The Stock Exchange: Where Buying and Selling Happens
Once a company’s shares are publicly listed, they trade on a stock exchange. Think of it as a marketplace — but instead of vegetables and fish, people are buying and selling ownership stakes in companies.
In Bangladesh, the primary stock exchange is the Dhaka Stock Exchange (DSE), established in 1954. There is also the Chittagong Stock Exchange (CSE), though DSE handles the vast majority of trading volume. The DSE lists over 400 companies across sectors like banking, pharmaceuticals, textiles, engineering, power, and technology.
You cannot walk into the DSE building and start buying shares. Instead, you trade through a licensed stockbroker who connects you to the exchange electronically. We will cover how to choose a broker and open a trading account in a later post in this series.
Why Do Share Prices Move?
At its simplest, prices move because of supply and demand. If more people want to buy a stock than sell it, the price rises. If more want to sell, the price falls. But what drives that demand?
- Company performance — Strong earnings, new products, and growing revenue attract buyers.
- Economic conditions — Interest rates, inflation, and GDP growth affect investor confidence.
- Industry trends — A booming construction sector lifts cement and steel companies.
- Investor sentiment — Fear and greed can push prices away from a company’s true value, sometimes dramatically.
Understanding what moves prices — and what does not — is a skill that develops over time. The key insight for now is that short-term price movements are often noise. Long-term price movements tend to reflect genuine business performance.
Is the Stock Market Gambling?
This is a common misconception. Gambling is a zero-sum game where the odds are stacked against you. Investing, done properly, is participating in the growth of real businesses and the broader economy.

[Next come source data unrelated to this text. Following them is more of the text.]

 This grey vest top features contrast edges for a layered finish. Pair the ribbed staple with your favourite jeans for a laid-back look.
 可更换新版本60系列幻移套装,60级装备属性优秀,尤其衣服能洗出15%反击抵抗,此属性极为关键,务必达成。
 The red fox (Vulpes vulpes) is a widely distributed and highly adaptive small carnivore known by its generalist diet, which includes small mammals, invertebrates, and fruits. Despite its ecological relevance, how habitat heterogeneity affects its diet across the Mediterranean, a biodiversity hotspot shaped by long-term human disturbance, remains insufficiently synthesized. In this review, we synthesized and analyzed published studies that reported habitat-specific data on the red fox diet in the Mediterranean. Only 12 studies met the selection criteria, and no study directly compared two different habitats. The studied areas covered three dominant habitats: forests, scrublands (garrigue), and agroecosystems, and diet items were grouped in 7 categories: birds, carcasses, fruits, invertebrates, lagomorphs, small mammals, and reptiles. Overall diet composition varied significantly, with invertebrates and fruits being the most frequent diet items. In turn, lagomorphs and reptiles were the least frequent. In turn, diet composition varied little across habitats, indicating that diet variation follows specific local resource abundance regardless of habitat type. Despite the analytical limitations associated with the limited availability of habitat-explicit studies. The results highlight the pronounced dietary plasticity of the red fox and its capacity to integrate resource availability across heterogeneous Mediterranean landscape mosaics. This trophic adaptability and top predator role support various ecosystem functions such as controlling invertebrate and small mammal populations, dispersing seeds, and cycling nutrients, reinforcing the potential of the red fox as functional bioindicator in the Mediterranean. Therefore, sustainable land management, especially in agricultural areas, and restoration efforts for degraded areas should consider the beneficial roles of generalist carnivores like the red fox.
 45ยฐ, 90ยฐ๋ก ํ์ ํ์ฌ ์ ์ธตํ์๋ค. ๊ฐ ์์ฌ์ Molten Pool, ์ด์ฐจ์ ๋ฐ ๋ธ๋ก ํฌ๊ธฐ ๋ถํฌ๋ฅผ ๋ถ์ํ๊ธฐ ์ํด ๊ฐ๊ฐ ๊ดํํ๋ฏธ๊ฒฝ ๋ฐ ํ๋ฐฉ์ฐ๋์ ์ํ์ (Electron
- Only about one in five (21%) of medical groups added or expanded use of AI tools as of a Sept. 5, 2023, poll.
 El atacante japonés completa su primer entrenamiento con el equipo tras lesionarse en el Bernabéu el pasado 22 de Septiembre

Bangladesh’s GDP has grown consistently over the past two decades. Companies that serve this growing economy — banks, pharmaceuticals, consumer goods, infrastructure — have created genuine wealth for patient shareholders. The difference between investing and gambling comes down to method: research, diversification, patience, and discipline versus tips, hunches, and chasing quick profits.

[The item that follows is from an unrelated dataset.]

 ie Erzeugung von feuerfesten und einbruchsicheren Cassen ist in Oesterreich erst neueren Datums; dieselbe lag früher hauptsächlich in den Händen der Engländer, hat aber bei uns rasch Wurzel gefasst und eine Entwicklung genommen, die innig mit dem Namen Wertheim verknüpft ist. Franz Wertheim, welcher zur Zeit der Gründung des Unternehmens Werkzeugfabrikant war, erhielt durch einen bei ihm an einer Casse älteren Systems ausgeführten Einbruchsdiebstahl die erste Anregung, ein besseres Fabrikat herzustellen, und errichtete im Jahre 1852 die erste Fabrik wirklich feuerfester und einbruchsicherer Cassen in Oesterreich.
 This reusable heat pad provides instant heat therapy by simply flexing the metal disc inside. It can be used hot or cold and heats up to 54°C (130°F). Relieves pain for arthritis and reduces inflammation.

What Is Next in This Series
This post was about the big picture. In the next post, we will zoom into the Dhaka Stock Exchange specifically — how it is structured, who regulates it, what the key indices mean, and why it matters for your money.
Think About This
- If a friend offered to sell you 10% of their profitable restaurant for ৳5 lakh, what questions would you ask before deciding? How is this similar to buying shares?
- Why do you think some investors earn consistent returns while others lose money in the same market?
- Can you name three DSE-listed companies whose products or services you use in daily life? What does that tell you about the connection between the stock market and the real economy?